Take the data below and write it out exactly, except for the pictures.

--- GIVEN RECORDS Enclosed Below ---

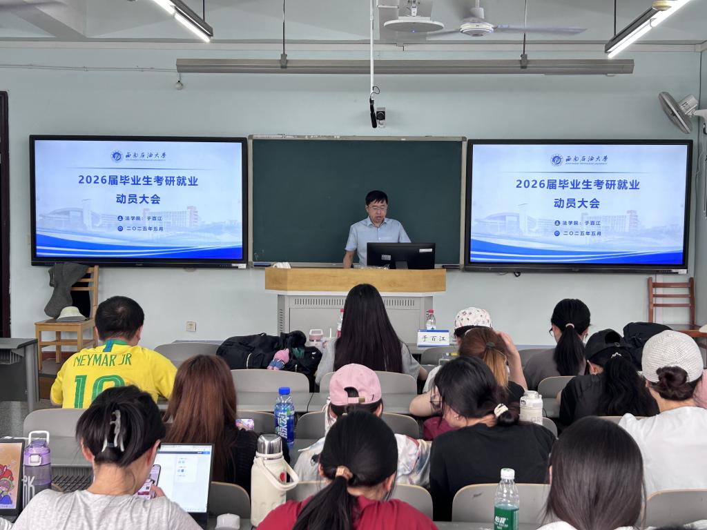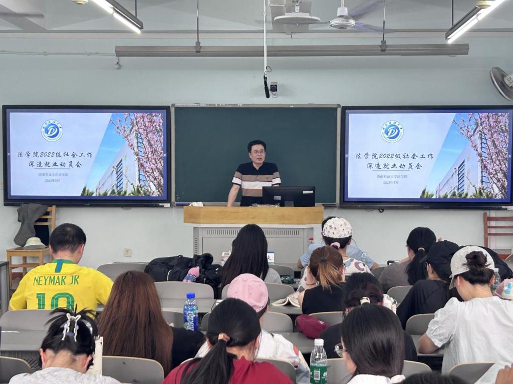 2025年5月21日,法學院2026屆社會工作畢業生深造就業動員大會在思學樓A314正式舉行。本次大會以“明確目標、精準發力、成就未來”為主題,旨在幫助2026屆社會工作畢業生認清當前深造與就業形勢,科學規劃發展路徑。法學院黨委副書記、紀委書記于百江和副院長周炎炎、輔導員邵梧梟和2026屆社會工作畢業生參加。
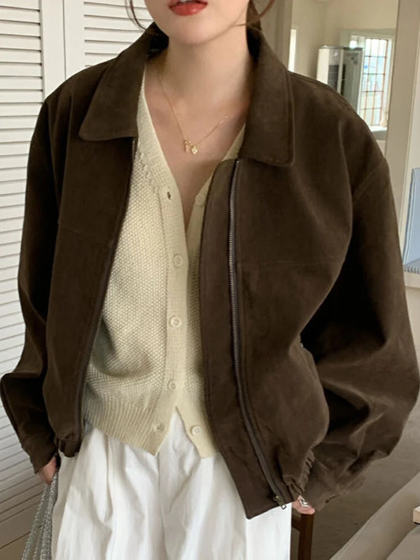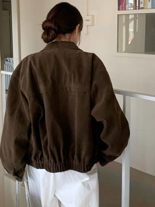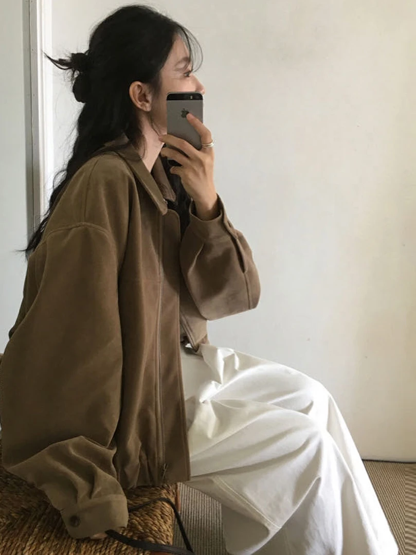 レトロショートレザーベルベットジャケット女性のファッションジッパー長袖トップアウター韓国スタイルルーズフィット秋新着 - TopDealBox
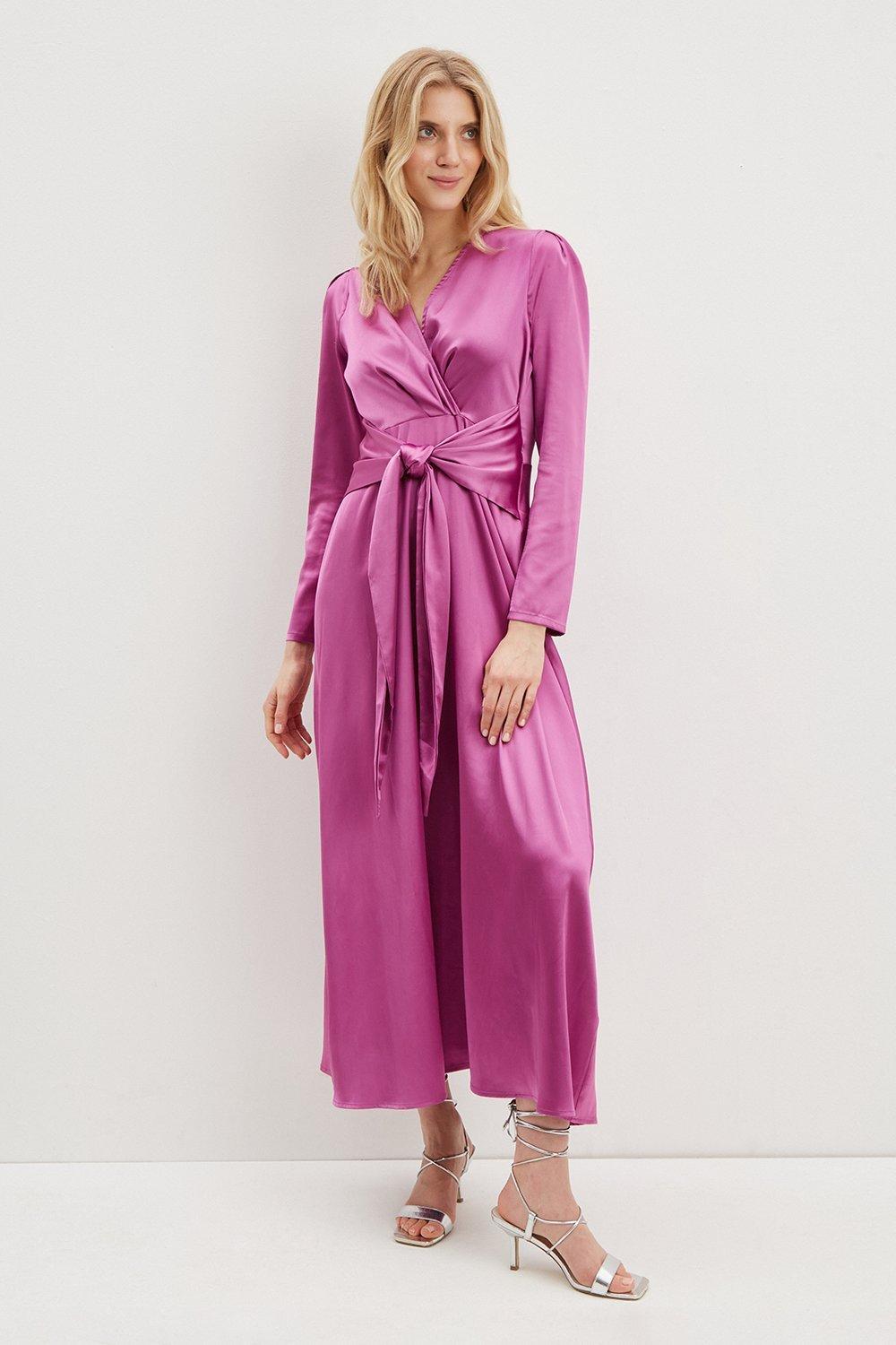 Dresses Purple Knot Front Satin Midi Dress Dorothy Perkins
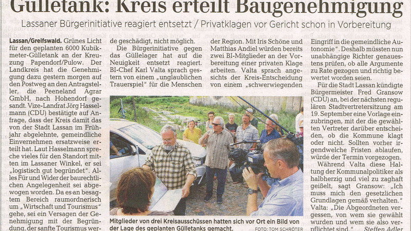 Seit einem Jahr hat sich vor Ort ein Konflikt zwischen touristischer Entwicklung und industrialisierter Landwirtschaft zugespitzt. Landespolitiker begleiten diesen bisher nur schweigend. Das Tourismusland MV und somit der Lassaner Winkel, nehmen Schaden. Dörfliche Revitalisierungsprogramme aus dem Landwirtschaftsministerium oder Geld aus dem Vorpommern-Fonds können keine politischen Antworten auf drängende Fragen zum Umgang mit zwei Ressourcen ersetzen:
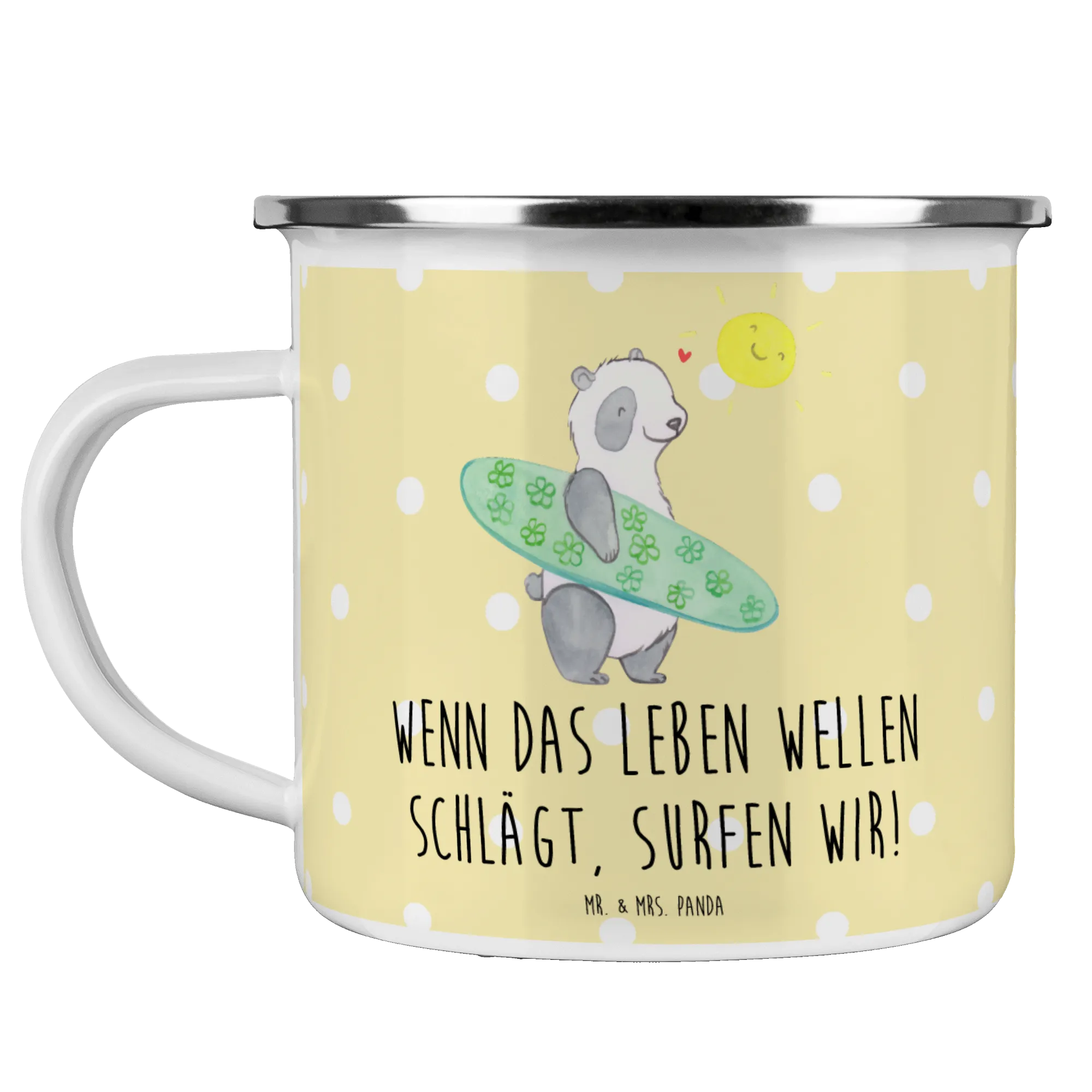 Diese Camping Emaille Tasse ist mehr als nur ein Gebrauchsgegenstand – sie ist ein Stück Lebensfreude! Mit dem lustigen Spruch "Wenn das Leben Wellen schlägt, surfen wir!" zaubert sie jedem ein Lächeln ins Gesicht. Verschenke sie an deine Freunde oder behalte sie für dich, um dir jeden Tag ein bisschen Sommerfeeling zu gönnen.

--- End of Enclosed GIVEN RECORDS ---

• **ANSWER AREA**:
 2025年5月21日,法學院2026屆社會工作畢業生深造就業動員大會在思學樓A314正式舉行。本次大會以“明確目標、精準發力、成就未來”為主題,旨在幫助2026屆社會工作畢業生認清當前深造與就業形勢,科學規劃發展路徑。法學院黨委副書記、紀委書記于百江和副院長周炎炎、輔導員邵梧梟和2026屆社會工作畢業生參加。
 レトロショートレザーベルベットジャケット女性のファッションジッパー長袖トップアウター韓国スタイルルーズフィット秋新着 - TopDealBox
 Dresses Purple Knot Front Satin Midi Dress Dorothy Perkins
 Seit einem Jahr hat sich vor Ort ein Konflikt zwischen touristischer Entwicklung und industrialisierter Landwirtschaft zugespitzt. Landespolitiker begleiten diesen bisher nur schweigend. Das Tourismusland MV und somit der Lassaner Winkel, nehmen Schaden. Dörfliche Revitalisierungsprogramme aus dem Landwirtschaftsministerium oder Geld aus dem Vorpommern-Fonds können keine politischen Antworten auf drängende Fragen zum Umgang mit zwei Ressourcen ersetzen:
 Diese Camping Emaille Tasse ist mehr als nur ein Gebrauchsgegenstand – sie ist ein Stück Lebensfreude! Mit dem lustigen Spruch "Wenn das Leben Wellen schlägt, surfen wir!" zaubert sie jedem ein Lächeln ins Gesicht. Verschenke sie an deine Freunde oder behalte sie für dich, um dir jeden Tag ein bisschen Sommerfeeling zu gönnen.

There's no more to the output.